Public and private employees in Tennessee cannot be discharged for refusing to participate in unlawful activity, or disclosing unlawful activities. Whistleblowers in public education are protected with the same rights under the Education Truth in Reporting and Employee Protection Act of 1989.
Texas employees within the healthcare industry are heavily protected from retaliation as a result of whistleblowing activity. Public employees cannot be retaliated against for reporting unlawful activity. General retaliation lawsuits must be filed within two years of occurrence.
Public employees in Utah cannot be discharged, discriminated against, disciplined or threatened for reporting a waste of public funds, or violation of a state or federal law. However, they will not be protected unless they give written notice of the violation to their employer or make false reports.

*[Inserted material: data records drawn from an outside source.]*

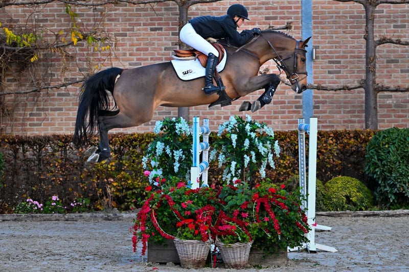 Cette jument de sept ans par Carrera VDL est sans aucun doute l’un des points forts de la vente aux enchères. Son beau type attire immédiatement le regard, et dès que l’on la voit bouger et galoper, il devient évident qu’elle est une véritable athlète sous la selle. Côté mère, on retrouve des étalons tels qu’Amadeus, Come On, Ramiro Z et Joost — tous des sires ayant prouvé leur valeur en élevage. Cette famille a également donné naissance à plusieurs chevaux de sport performants, dont Content (1,45 m) et Zigvago (1,50 m), ainsi que de nombreux autres performers. Sur les obstacles, No Fear montre toute sa qualité : son galop est léger et facile à monter, et elle ajuste son rythme sans effort. À l’obstacle, elle décolle rapidement, reste bien avec le cavalier et affiche un caractère coopératif. À mesure que la hauteur des sauts augmente, elle développe puissance, amplitude et une bonne utilisation de son corps. No Fear est une jument qui pourrait convenir à un large éventail de cavaliers et a sans aucun doute un avenir prometteur. En cas d’exportation directe vers des pays hors UE, la TVA n’est plus applicable (21 % devient 0 %). Si l’exportation est retardée (mais effectuée dès que possible), la TVA sera remboursée après réception du document officiel d’exportation (établi par la douane).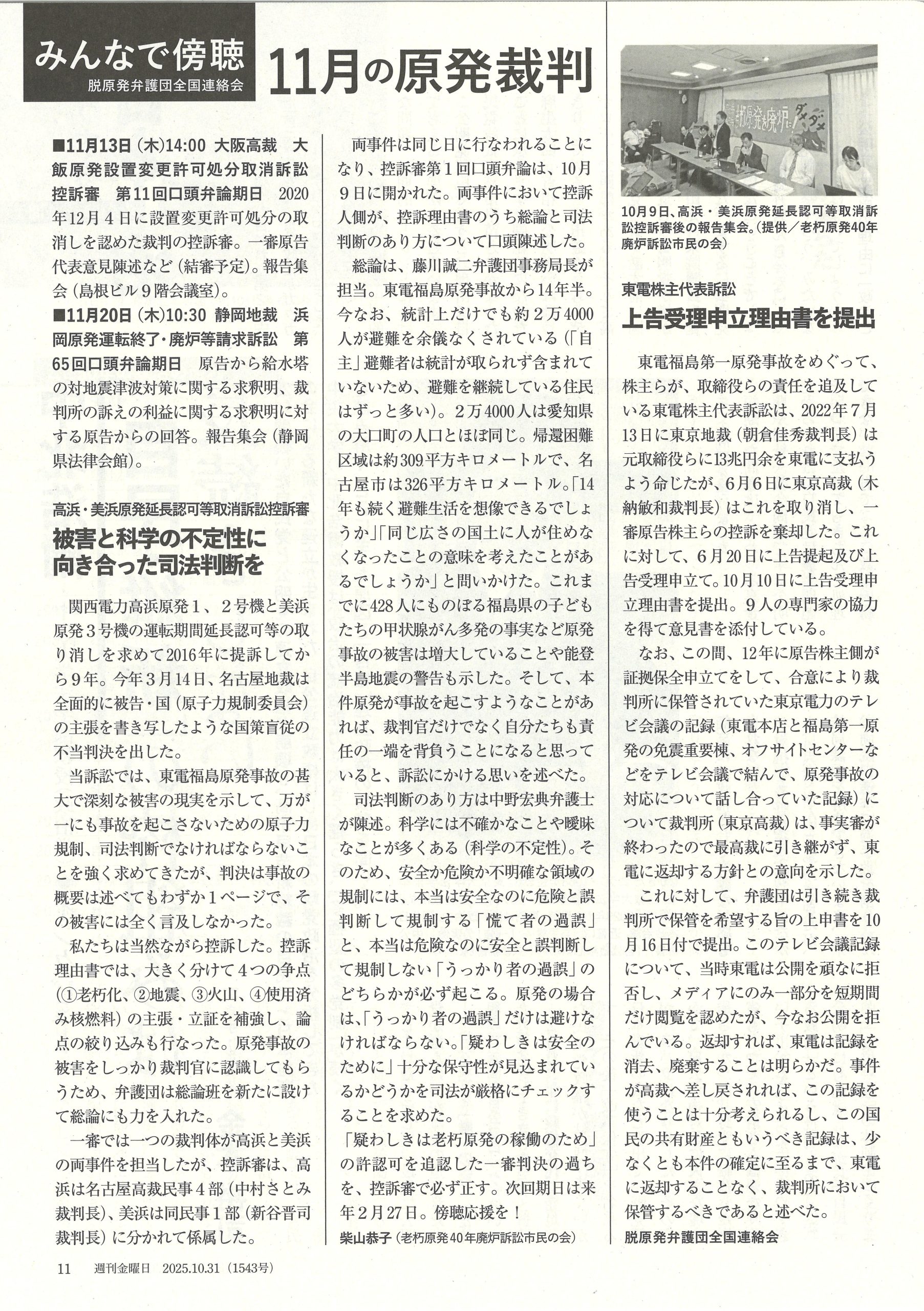 週刊金曜日の11月の原発裁判に掲載された、10月9日に開かれた、名古屋高裁での老朽高浜・美浜原発延長認可等取消訴訟の控訴審第1回口頭弁論期日の報告記事、「高浜・美浜原発延長認可等取消訴訟控訴審 被害と科学の不定性に向き合った司法判断を」について、転載いたします。東電株主代表訴訟の上告受理申立て理由書提出についても報告しています。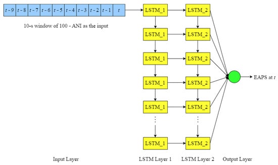 In the LSTM model used in this research, the training and validation sets were assigned with a batch size of 32. Next, the 10-s windows of 100 − ANI were brought into the LSTM model, which had two stacked LSTM layers between the input and output layers, as illustrated in Figure 13. Each LSTM layer consisted of 32 LSTM cells. The prediction curve did not fluctuate at all when less than 32 cells were used in each LSTM layer, so only a flat line could be generated as the prediction results. When an LSTM layer had more than 32 cells or when more than two LSTM layers were used in the architecture, the prediction curve fluctuated excessively and its position deviated farther from the target label curve, resulting in a higher MAE. To maintain the scale of the data, batch normalization was applied to each LSTM layer. The output layer was activated using sigmoid function. Additionally, Adamax optimizer was used to update the parameters during training, with a default learning rate of 0.001. The validation losses obtained from other types of optimizer did not differ significantly from the validation losses obtained from Adamax optimizer during the trials. The prediction results, however, only appeared as flat lines when other optimizers were used. In other words, for this LSTM model, Adamax was the only optimizer that could generate fluctuations in the prediction curve. Following this, 15 epochs were run for training and validation. More than 15 epochs of training and validation did not lead to any improvement, because the model never converged, which meant the validation loss always stayed close to the training loss. In other words, the validation loss curve never intersected the training loss curve.
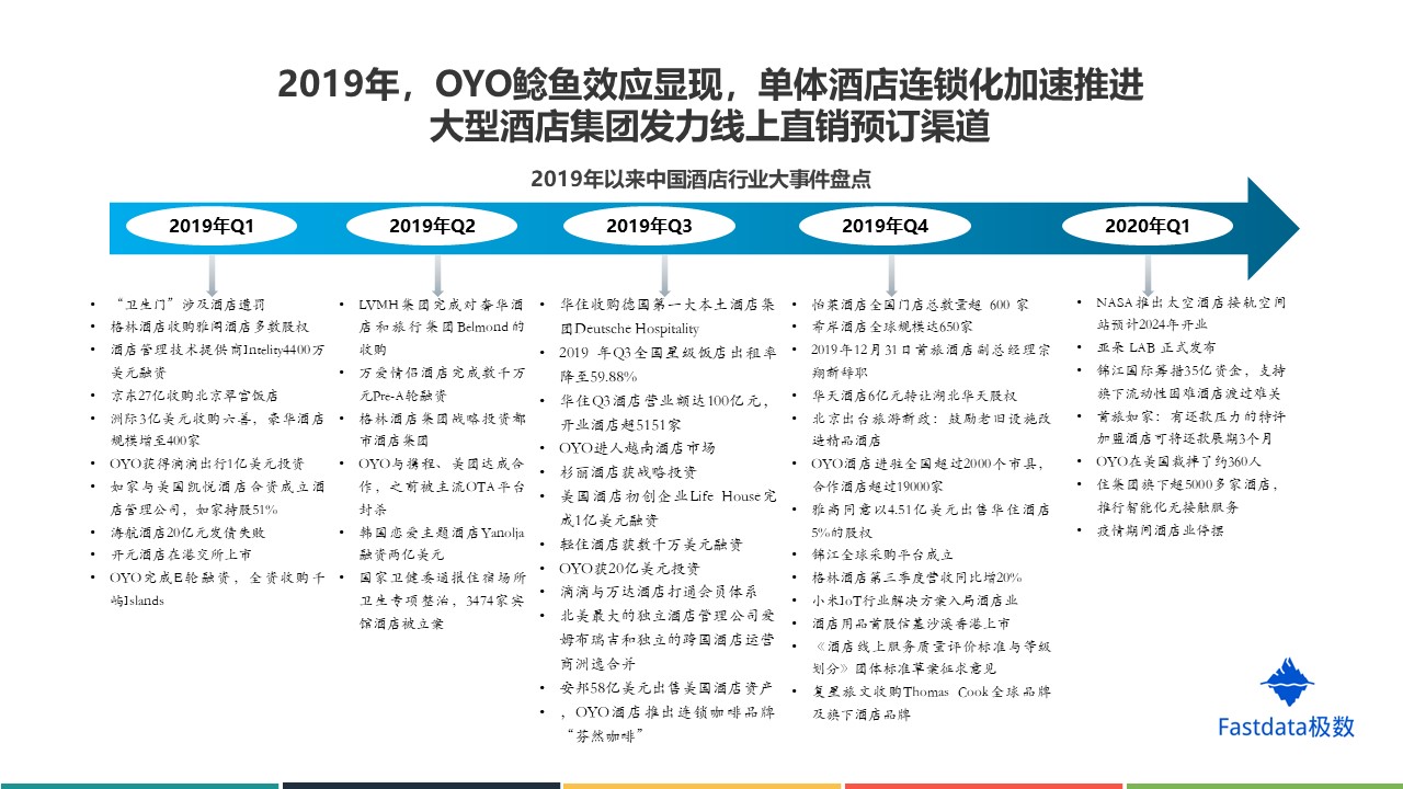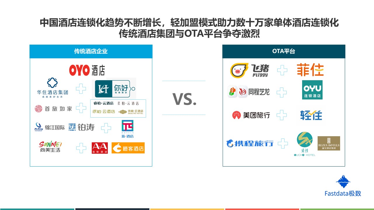 单体酒店连锁化加速:OYO横空出世,鲶鱼效应显现,2019年以来中国单体酒店连锁化趋势加速推进,传统酒店集团锦江国际、华住、首旅如家等为应对OYO带来的挑战,大力推进轻加盟,快速扩张门店数量。此外,单体酒店快速连锁化给OTA平台的分销定价权构成了挑战,OTA平台也在快速布局上游酒店联盟,如同程艺龙OYU、飞猪菲住联盟、美团酒旅轻住等。

If they suffer retaliation, they must report it within 180 days and their employer can face up to $500 in fines.
If a Vermont employee experiences retaliation for whistleblowing activities, they have six years to file a lawsuit against their employer. Discrimination lawsuits do not have a set time frame in which an employee has to report the action.
Employees in Virginia must file wrongful termination suits within two years of being discharged for whistleblowing activities. If an employee is retaliated against for filing a health and safety complaint within their workplace, they must file a wrongful termination suit within 60 days of the retaliatory action.
In Washington, state employees who give state auditors information about unlawful activities happening within the workplace and face retaliation can take their issues to the higher courts. However, they first must attempt to solve the problem within their administration. State officials who retaliate against employees for whistleblowing can face fines up to $3,000 and 30 day suspensions.
State employers in West Virginia cannot retaliate against whistleblowers through discharge, discrimination, threats or any other unethical employee treatment, even if the employee has not yet become a whistleblower and is simply considering reporting issues to an outside official. Employees have 180 days to sue their employers for discriminatory issues. Officials can face up to $500 in fines for this action, as well as a 6 month suspension.
The Wisconsin Fair Employment Act protects employees who choose to file reports or testify in hearings involving unlawful activity within their workplace. Employees are also protected against discrimination regarding race, age, gender, prior conviction, arrest record, and any sort of military history. Employees must file suits against their employers for violating the Wisconsin Fair Employment Act within 300 days of incidence.
In Wyoming, if an employee is retaliated against for becoming a whistleblower, they are able to file a wrongful termination suit within 4 years of occurrence. If an employee wants to file an occupational health and safety suit with the Wyoming Department of Employment, it must be filed within 30 days of retaliatory action.